Überzeugungsarbeit für Mindestlöhne

Veröffentlicht am 07.11.2009 in Kreisverband

Geislinger Zeitung
Zu: Kritik an der Koalition; 5. 11. 2009

Die Arbeitsgemeinschaft für Arbeitnehmerfragen in der SPD (AfA) unterstützt ausdrücklich die KAB in ihrer Behauptung, dass der Koalitionsvertrag der neuen Regierung zu keiner sozialen Gerechtigkeit führen wird. Sollte es keine gesetzlichen Mindestlöhne mehr geben, werden die Billig-Jobs weiter wie Pilze aus dem Boden sprießen und die Arbeitnehmer noch stärker von staatlicher Unterstützung abhängig sein, um auch nur ansatzweise anständig leben zu können.

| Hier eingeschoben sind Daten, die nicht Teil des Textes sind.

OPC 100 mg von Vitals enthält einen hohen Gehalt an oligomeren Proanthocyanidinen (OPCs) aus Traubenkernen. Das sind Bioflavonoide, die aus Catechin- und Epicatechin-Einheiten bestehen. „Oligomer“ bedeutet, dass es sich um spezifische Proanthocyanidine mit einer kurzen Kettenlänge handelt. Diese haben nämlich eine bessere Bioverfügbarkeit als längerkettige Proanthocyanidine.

Von der Konjunkturbelebung und somit von der Entstehung von neuen Arbeitsplätzen, wie von der Jungen Union prognostiziert, werden nur Arbeitgeber profitieren, die sich an keine tarifvertraglichen Regelungen halten und Stundenlöhne von drei bis sechs Euro als völlig ausreichend betrachten.

Wie Elternteile, die mit diesem geringen Stundenlohn sich und ihre Familien durchs Leben schlagen müssen, ihren Kindern eine anständige Zukunftsplanung ermöglichen sollen, wäre eine Frage, mit der sich die Junge Union zum Beispiel beschäftigen könnte. Oder wie soll bei einem so geringen Stundenlohn die Studiengebühr für auch nur ein Semester möglich sein?

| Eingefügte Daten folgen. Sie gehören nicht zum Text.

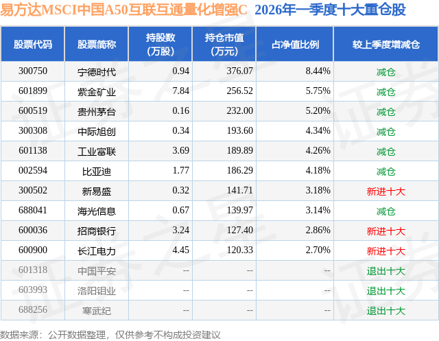 从基金规模来看,易方达MSCI中国A50互联互通量化增强C基金2026年一季度公布的基金规模为0.07亿元,较上一期规模1092.63万元变化了-371.72万元,环比变化了-34.02%。该基金最新一期资产配置为:股票占净值比93.31%,无债券类资产,现金占净值比6.77%。从基金持仓来看,该基金当季前十大股票仓位达44.05%,第一大重仓股为宁德时代(300750),持仓占比为8.44%。
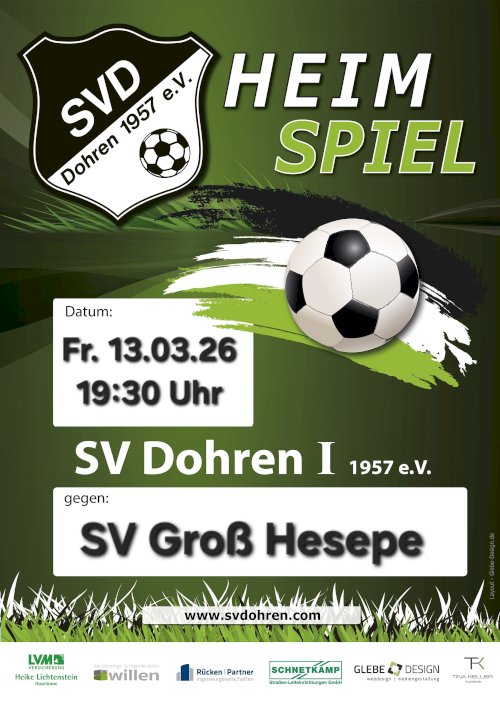 Am morgigen Donnerstag geht es für die 2. Mannschaft des SV Dohren nach der Winterpause direkt ins Derby gegen den VFL Herzlake III. Anpfiff ist...
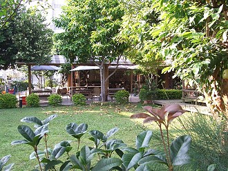 進入南園,除了廣袤的庭園之外,第一個印入眼簾的是餐廳所在地「同心樓」,全木造的外形讓人聯想起「龍門客棧」。從同心樓穿過草坪,彷彿一下又從武俠小說來到曹雪芹的紅樓夢裡。
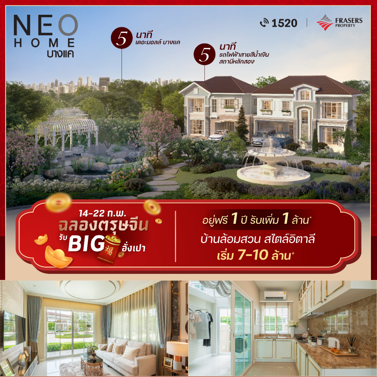 Neo Homes Utilization area of 140 sq. mts. 4 bedrooms, 3 bathrooms An upstairs living room, a prayer room, a dining room, a Thai kitchen, and parking space for 2 cars

Ich persönlich werde mit sehr großem Interesse verfolgen, wie sich die beiden Göppinger Bundestagsabgeordneten Klaus Riegert (CDU) und Werner Simmling (FDP) anhand des Koalitionsvertrages in ihrem Wahlkreis bewegen werden. Werner Simmlings Meinung zum gesetzlichen Mindestlohn habe ich bereits kennen gelernt. Bei einer Wahlveranstaltung zur Bundestagswahl, die die Gewerkschaft Verdi in Göppingen organisierte, hat er sich vehement gegen den Mindestlohn ausgesprochen. In der Kandidatendiskussion habe ich die Chance ergriffen und habe versucht, anhand von belegten Beispielen wie z.B. aus England (die mit einem Mindestlohn die besten Erfahrungen gemacht haben) ihm nochmals von der Wichtigkeit einer gesetzlichen Regelung zu überzeugen. Leider völlig umsonst.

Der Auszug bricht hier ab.